Structure of the full-length membrane-bound cytb₅-cytP450 complex. A, two lowest energy clusters (I and II) of the complex between the catalytic heme-binding domains of rabbit cytb₅ (NMR structure; blue) and cytP4502B4 (PDB code 1SUO (41); in gold) generated from HADDOCK, driven by NMR, and mutagenesis restraints. Heme molecules are presented in red. B, proposed electron transfer pathway between the redox centers of cytb₅ and cytP450 are presented as broken lines. The shortest electron transfer pathway predicted using HARLEM (76) is shown in the black dotted lines for clusters I and II. The shortest heme-edge to heme-edge distance is 7.4 and 9.0 Å in clusters II and I, respectively.

FIGURE 8.

Binding interface of the membrane-bound cytb₅-cytP450 complex. The complex is presented by opening the complex-like pages of a book with the interaction interface of cytb₅ and cytP450 facing the viewer.

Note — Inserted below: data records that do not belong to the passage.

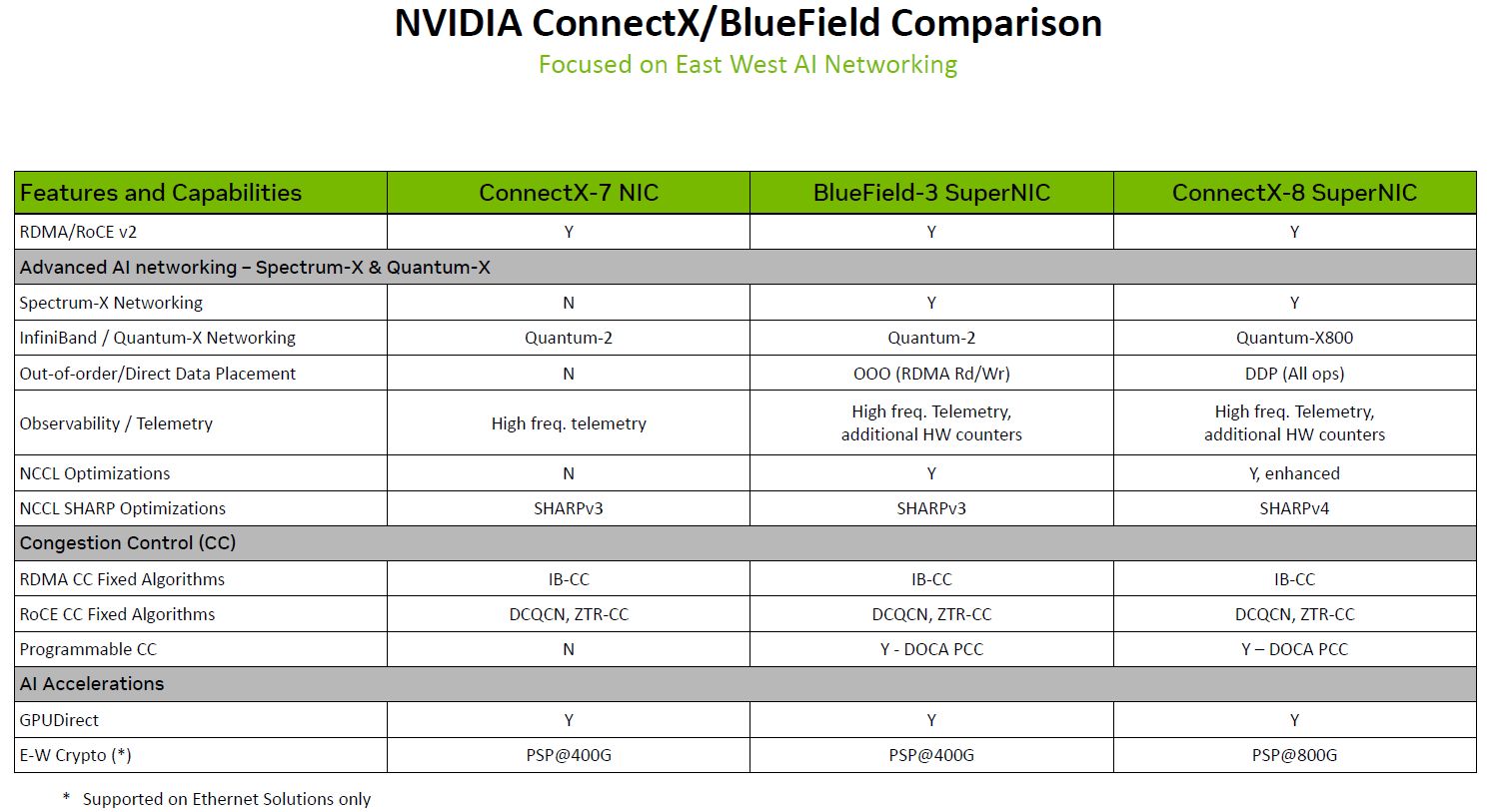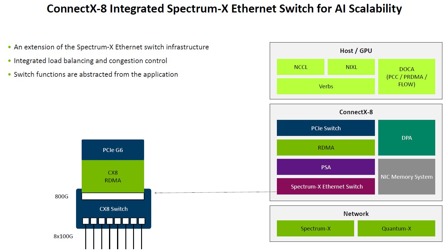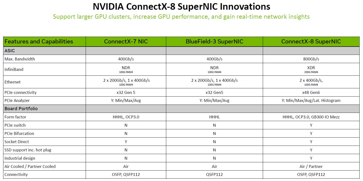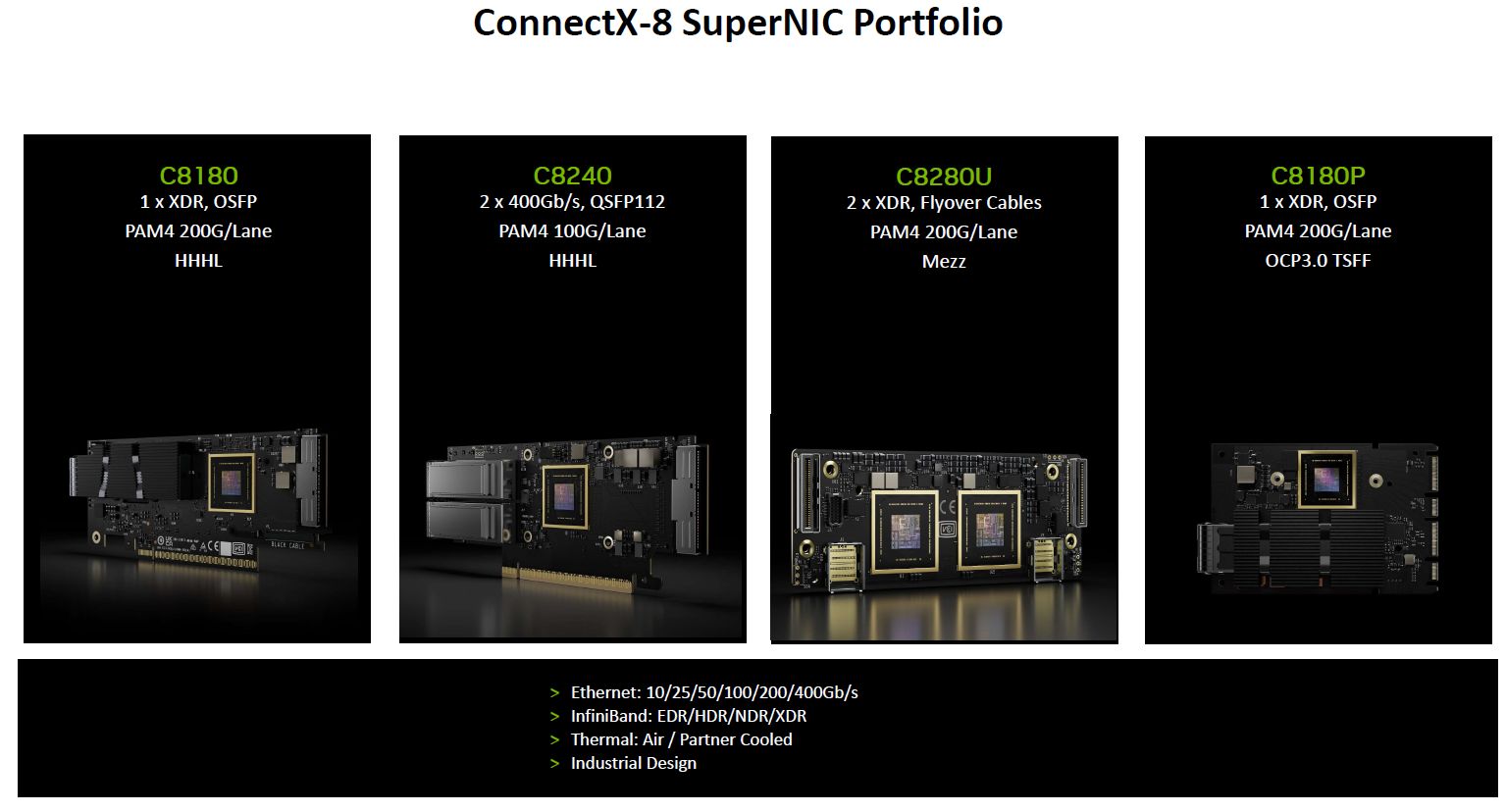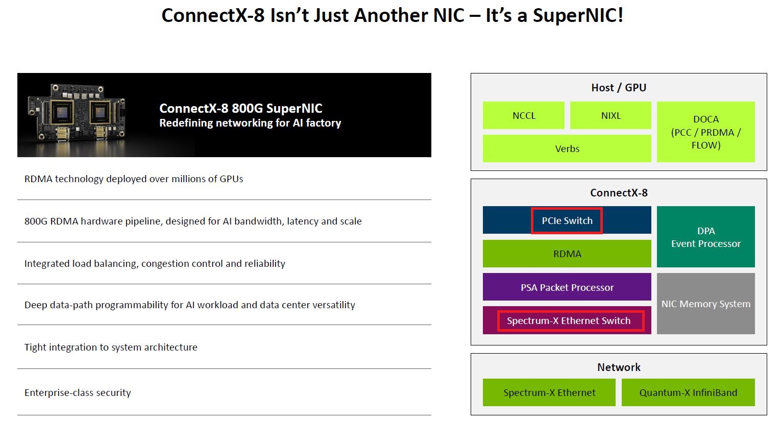 到了10月2024 OCP全球高峰會期間,Nvidia宣布Spectrum-X乙太網路平臺將包含ConnectX-8 SuperNIC,支援OCP的交換器抽象層介面(SAI)與開放網路作業系統SONiC,用戶能善用Spectrum-X的自我調適路由,以及基於遙測機制而成的網路壅塞控制功能,能夠針對橫向擴展執行規模的AI基礎架構,加快乙太網路傳輸效能,他們也強調ConnectX-8 SuperNIC的網路速度可提升至800 Gb/s,本身也內建可程式化的封包處理引擎,可針對超大規模AI工作負載提供最佳化處理能力,並預告隔年將推出OCP 3.0外形的ConnectX-8 SuperNIC。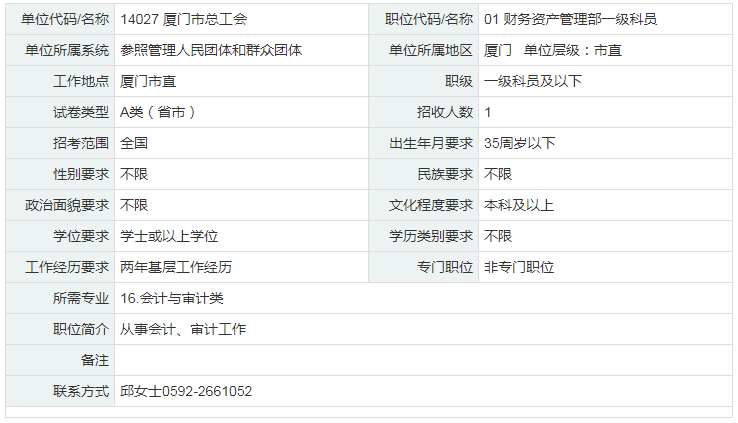 2023年福建廈門(mén)市總工會(huì)公務(wù)員考試職位信息表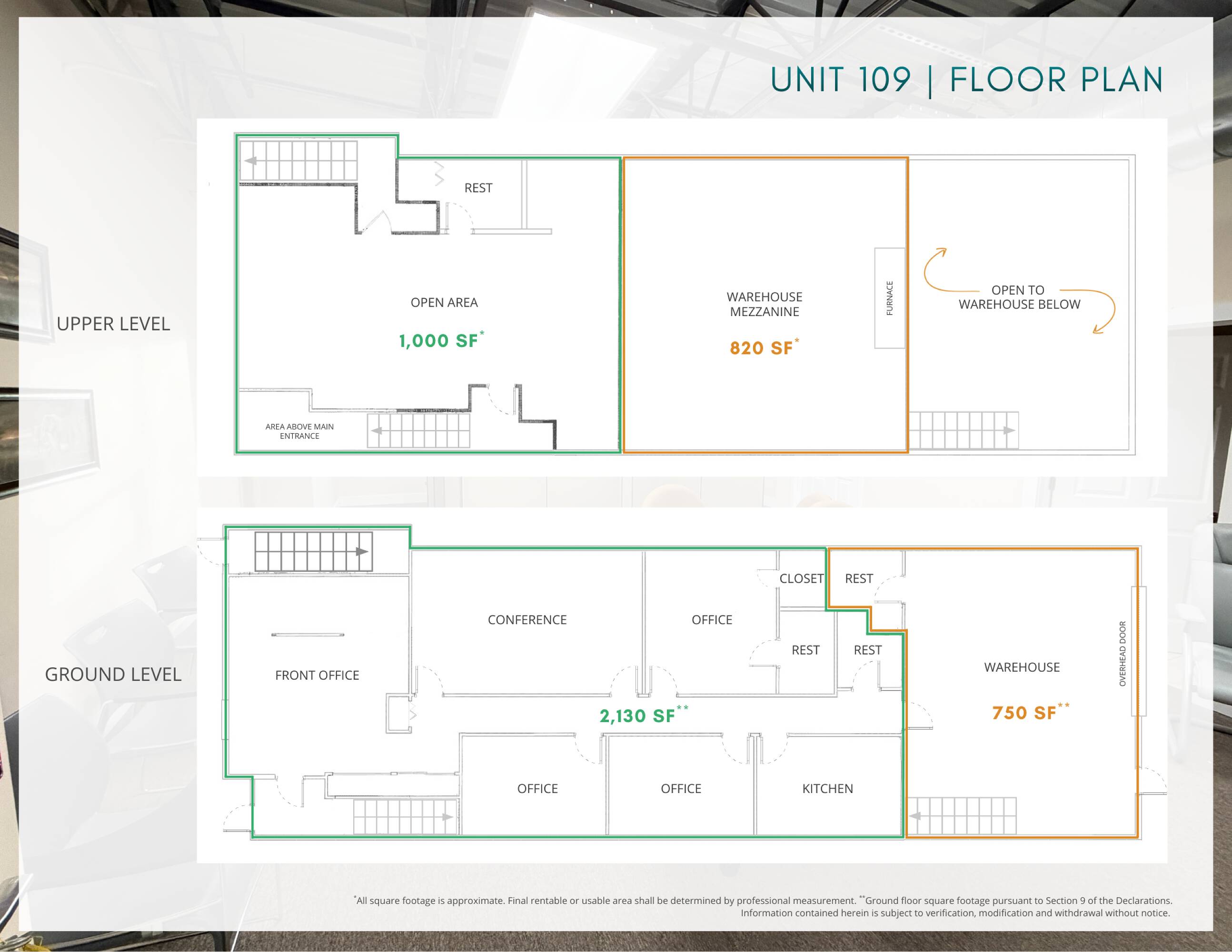 Flex condo with office, warehouse, and mezzanine space.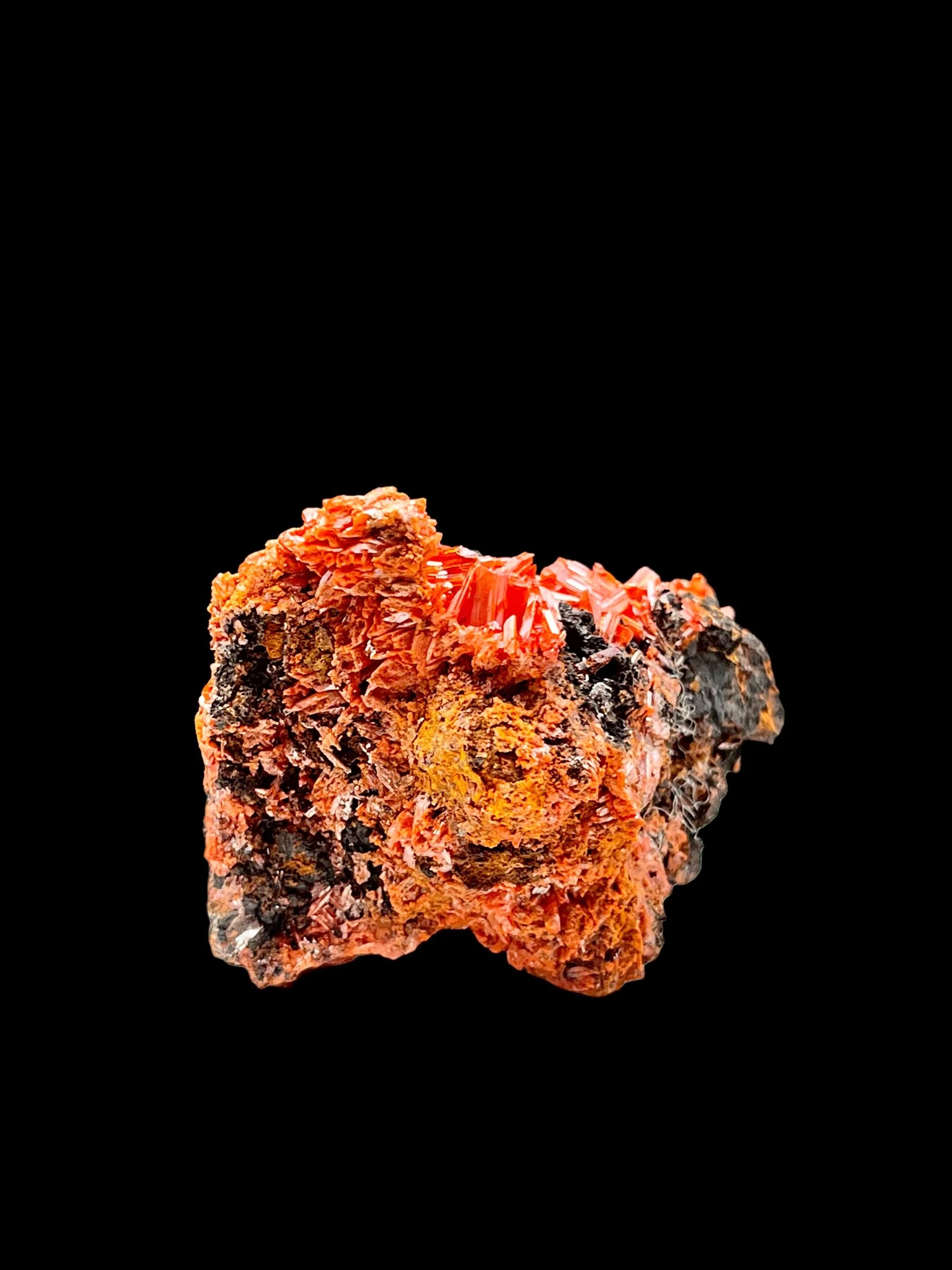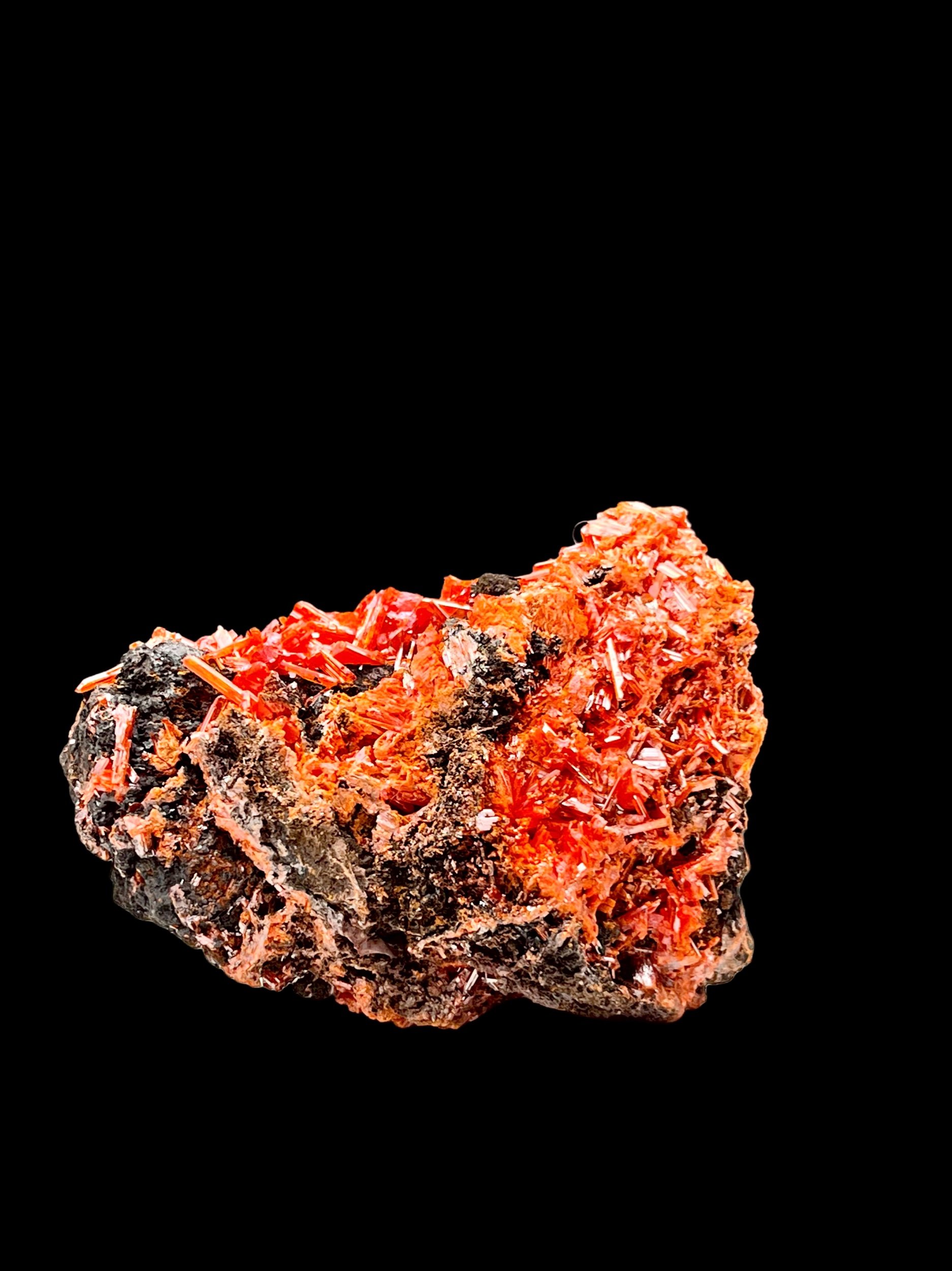 This specimen leans into the more dramatic side of Crocoite, with larger crystal development and a stronger visual weight than smaller cabinet pieces. The combination of bold prismatic crystals and underlying microcrystalline texture creates a balanced yet powerful aesthetic, ideal for collectors seeking a standout example from Dundas.

The space-filling model of cytb₅ (NMR structure) and cytP450 (PDB code 1SUO (41)) is presented highlighting the interfacial residues involved in protein-protein contacts in cluster I (A) and cluster II (B) complex structures. Residues on cytb₅ that are in contact with residues on cytP450 are denoted with matching letters in parentheses. For example, Asp-65 (orange) on cytb₅ is H-bonding to Arg-122 (blue) on cytP450 in A. Arg-125 highlighted in blue is H-bonded to the heme-d-propionate in B. An important point to note is that the residues on cytb₅ and cytP450, which form the interaction interface, are largely the same between the two clusters and are mostly present on the lower edge (residues on α4 and α5 helix) of the soluble domain surrounding the heme. The residues in the interface are in excellent agreement with our NMR data and site-directed mutagenesis presented here (Tables 3 and 4), as well as elsewhere (15).